Hello, my mom has a 30+ year old Kelvinator free standing electric stove with oven. The oven no longer works and she is debating to get another stove. Not being able to afford a new one I thought it may be a good idea to try and fix it first.

Here's the problem: the broiler coil *nor* the bottom oven coil will activate, neither will the oven control panel light showing that the oven is on. The coil burners *do work fine*. Any ideas on this? Thanks


----------



## Soundy (Feb 17, 2006)

Check the fuses?


----------



## katonca (Aug 10, 2004)

You know, I haven't checked anything yet. I guess I'm looking for a list of potential probs to the least likely. From what I have read the switch could also be a prob. Would the oven and stove top be on separate fuses and if so where are the fuses located?

Thanks for the reply.


----------



## Soundy (Feb 17, 2006)

Depends on the stove, but most older ones I've seen, the fuses are under a little lid along the top of the clock/control portion - just snaps off and has fuses underneath. Newer ones have breakers that SHOULD be self-resetting, but at 30+ years old, it likely still has fuses, possibly of this type:


----------



## Koot (Nov 25, 2007)

It sounds like you only have one hot leg (120 volts) at your stove.

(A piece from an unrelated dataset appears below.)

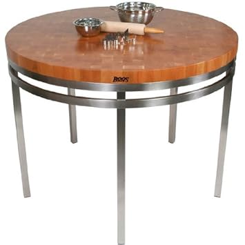 Round Butcher Block Kitchen Table : Jeffrey Alexander Round Petite Kitchen Island with Butcher ... : The top makes it safe for cutting meats.. Oval table tops are available in diameters from 48 to 60 inches. Available in multiple sizes and wood species, the table top comes in your choice of 1/4'' or double radius edging. The wildon home kitchen island with butcher block top is a stylish and functional addition to any home. Rectangular top round edge is standard mission legs are standard 2'' solid top Octagon dining tops vary in diameter between 42 and 60 inches.

You need two hot legs (120 volts + 120 volts = 240 volts) for the oven's broiler and bottom elements to work since they are higher wattage and require 240 volts. The stove top elements operate on just 120 volts (one hot leg) because they are lower wattage (compared to the oven elements), therefore you probably have half (two of the four) of the stove top elements that work. (However, you mentioned that all the top elements work fine, which would be unusual for all four stove top elements to be fed by one, of the two, hot legs. The likely reason the light does not work is because the light is fed by the hot leg that is not energized.

The first thing you should do is check the fuses or circuit breaker that feeds and protects the stove. It will be two fuses, or a two-pole circuit breaker. The amperage of the two fuses or two-pole circuit breaker will probably be either 40 amps or 50 amps. If the electrical panel is fusible (in lieu of circuit breaker type) the fuses will probably be hidden from view by the fuseholder, which has a pull handle that must be pulled out for access to the fuses. The fuses will almost certainly be barrel type with copper ends. The fuses will not be the small screw-in type for lower amperages. 

You may have to have a friend or hardware store check the fuses since you cannot tell by looking at them if they are good. Or, you can buy new fuses of the same amperage and replace both - that way you'll know both fuses are good. If the protective device is a two-pole circuit breaker (in lieu of two fuses) you'll have to have someone check to see if one of the two poles has failed. You might want to turn Off and then back On the circuit breaker a few times to see if both the circuit breaker's contacts "make". But, even if you can get the circuit breaker to work it needs to be replaced because one pole (leg) will almost certainly fail again. 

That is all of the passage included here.